- ASSIGNED TASK: Pictures stay out of the output. Return exactly the lines below from the one with "Háčkovaný střed s" down to the one with "комплект 2 шт.", both included, and nothing more.

[Records drawn from a dataset]
......

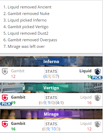 图二来到Gambit的选图Vertigo,Gambit赢下手枪局,在第六回合中,液体纯eco局翻盘,液体也渐渐的进入到自己比赛的节奏,而Gambit则靠着个人能力的发挥拿下几分,半场战罢,双方比分6-9。
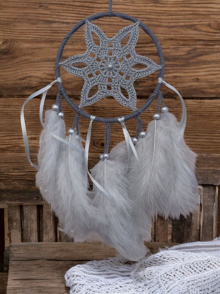 Háčkovaný střed s jemnými peříčky dodávají lapači romantický a vzdušný vzhled.
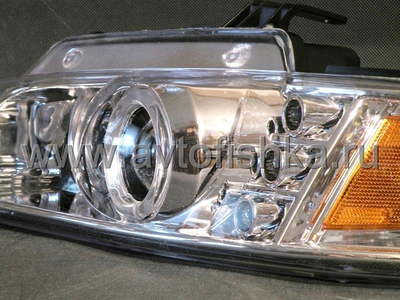 —Chrysler Town&Country, Dodge Caravan, Plymouth Voyager (96-00) фары передние линзовые хромированные со светящимися ободками и светодиодной подсветкой, комплект 2 шт.
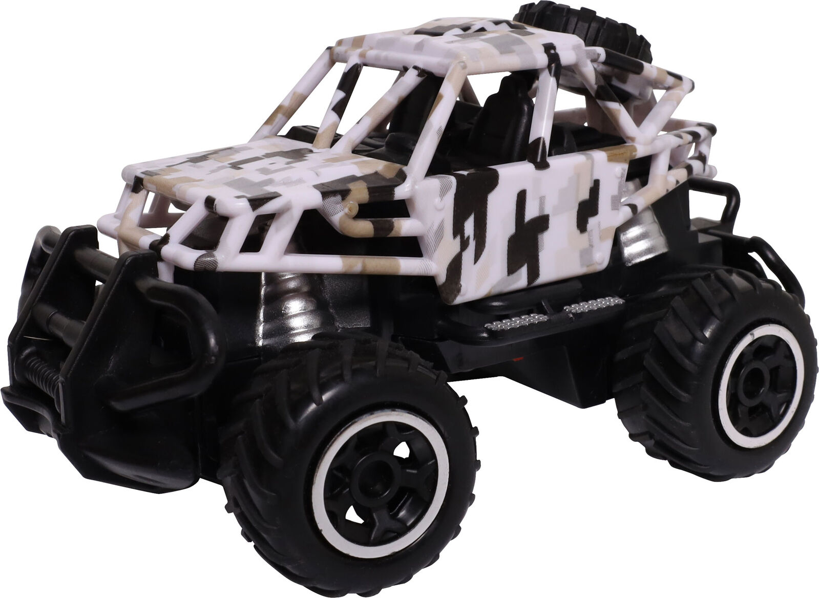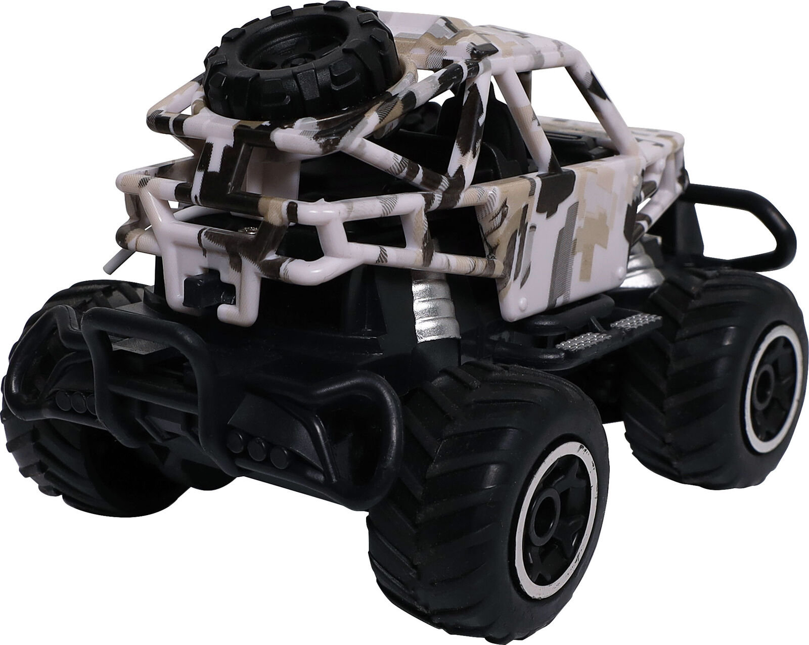 Barrel up rough terrain with this remote control dune buggy thats perfect for small kids and big kids! 1:43 scale. Great fun for all ages. A great gift idea for any adventurer. Make this an addition to any holiday or camping trip to keep the kids entertained and thanks to the all terrain usability you can drive this buggy on a variety of surfaces. Requires 2xAA batteries for controller and 2xAA batteries for the vehicle.
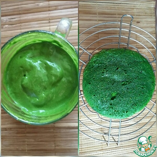 Мох готовим как обычный бисквит. Взбить яйца с мёдом и сахаром до пышности и объеденить с сухими составными. Выпекать в духовке 15 мин при 170°С, в мультиварке 10-15 мин в режиме Десерт, либо в микроволновке 2-3 мин на мощности 800-900 (если вы уверенны в своей микроволновке). Я выпекала в мультиварке. Мох должен получиться очень нежным и воздушным.

......

- ANSWER BOX:
 Háčkovaný střed s jemnými peříčky dodávají lapači romantický a vzdušný vzhled.
 —Chrysler Town&Country, Dodge Caravan, Plymouth Voyager (96-00) фары передние линзовые хромированные со светящимися ободками и светодиодной подсветкой, комплект 2 шт.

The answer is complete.